Supplied information:
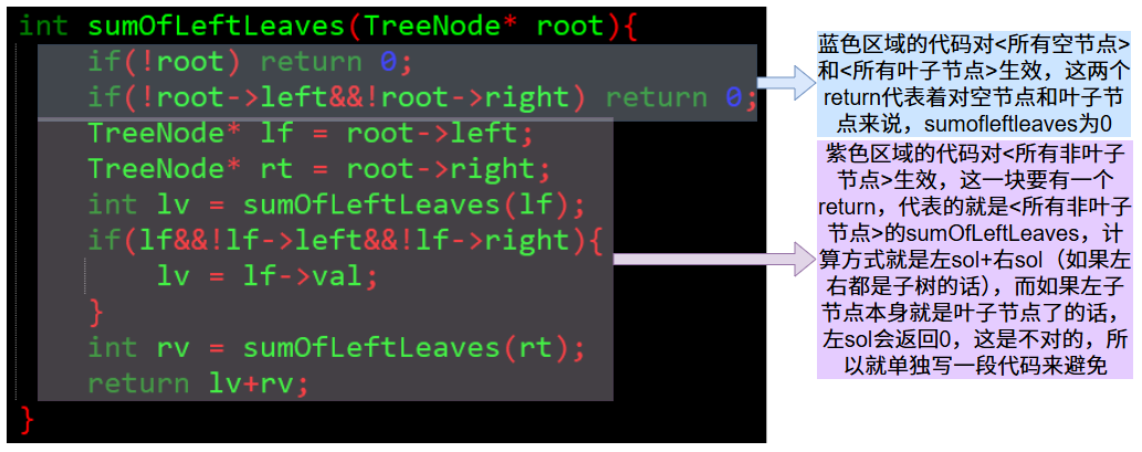 cppclass Solution{ public: int sumOfLeftLeaves(TreeNode* root){ if(!root) return 0; if(!root->left&&!root->right) return 0; TreeNode* lf = root->left; TreeNode* rt = root->right; int lv = sumOfLeftLeaves(lf); if(lf&&!lf->left&&!lf->right){ lv = lf->val; } int rv = sumOfLeftLeaves(rt); return lv+rv; } };迭代法:
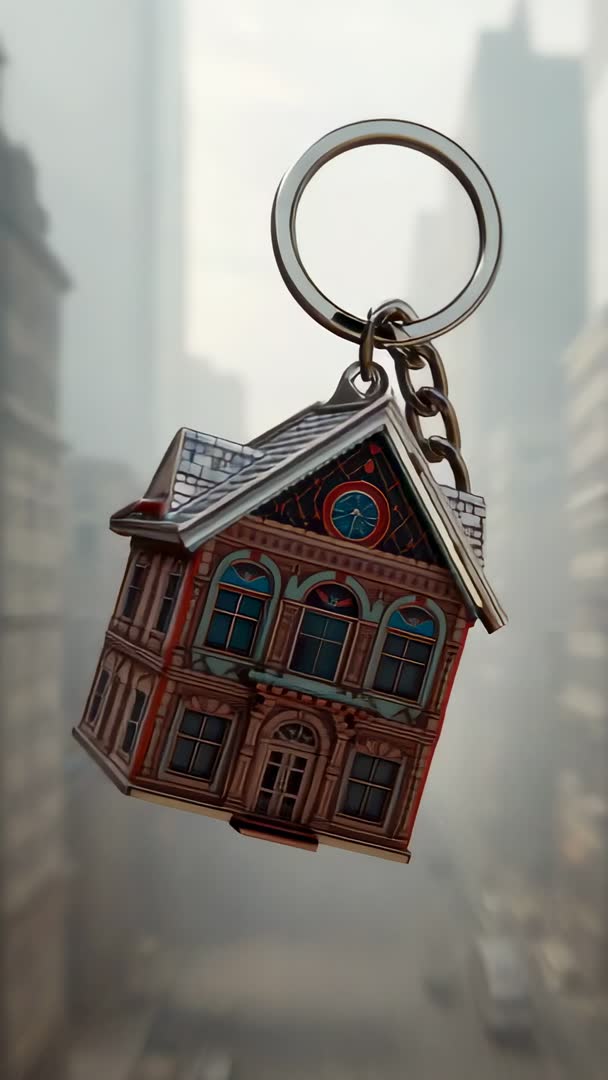 AI Generated Video. Vertical video showing close-up of rotating metal key ring with ornate miniature Victorian house charm hanging over blurred city street. Camera focusing on detailed facade, colored enamel accents, tiny windows and roof tiles while background fading into soft bokeh. Scene conveying themes of homeownership, real estate, moving, travel souvenir, gift and urban living. Video offering loopable rotation and shallow depth of field that leaves ample negative space for headline or logo overlay. Usage ideas: - Real estate ads and social media reels promoting first-time buyer stories, open house events, or mortgage services - Lifestyle blogs and articles about moving tips, homeownership guides, neighborhood discovery - E-commerce listings and product pages for keychain, souvenir or jewelry shops highlighting craftsmanship and detail - Travel and tourism campaigns featuring keepsake or city souvenir merchandising - Greeting cards, gift guides, promotional banners for housewarming, new home gifts or realtor branding Technical notes: - Vertical orientation ideal for Reels, TikTok, Instagram Stories and mobile ads - Close-up macro framing creating strong focal point and easy text placement in background - Neutral blurred city background allowing color grading, headline overlay and logo placement
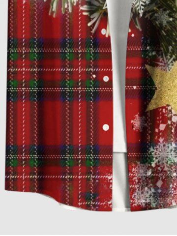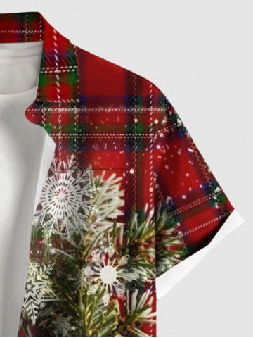 Plus Size Christmas Tree Snowflake Star Plaid Print Button Pocket Shirt For Men - Red - 2xl

What you need to do: Return every line shown above without changing a word, and skip the pictures.

Output:
 cppclass Solution{ public: int sumOfLeftLeaves(TreeNode* root){ if(!root) return 0; if(!root->left&&!root->right) return 0; TreeNode* lf = root->left; TreeNode* rt = root->right; int lv = sumOfLeftLeaves(lf); if(lf&&!lf->left&&!lf->right){ lv = lf->val; } int rv = sumOfLeftLeaves(rt); return lv+rv; } };迭代法:
 AI Generated Video. Vertical video showing close-up of rotating metal key ring with ornate miniature Victorian house charm hanging over blurred city street. Camera focusing on detailed facade, colored enamel accents, tiny windows and roof tiles while background fading into soft bokeh. Scene conveying themes of homeownership, real estate, moving, travel souvenir, gift and urban living. Video offering loopable rotation and shallow depth of field that leaves ample negative space for headline or logo overlay. Usage ideas: - Real estate ads and social media reels promoting first-time buyer stories, open house events, or mortgage services - Lifestyle blogs and articles about moving tips, homeownership guides, neighborhood discovery - E-commerce listings and product pages for keychain, souvenir or jewelry shops highlighting craftsmanship and detail - Travel and tourism campaigns featuring keepsake or city souvenir merchandising - Greeting cards, gift guides, promotional banners for housewarming, new home gifts or realtor branding Technical notes: - Vertical orientation ideal for Reels, TikTok, Instagram Stories and mobile ads - Close-up macro framing creating strong focal point and easy text placement in background - Neutral blurred city background allowing color grading, headline overlay and logo placement
 Plus Size Christmas Tree Snowflake Star Plaid Print Button Pocket Shirt For Men - Red - 2xl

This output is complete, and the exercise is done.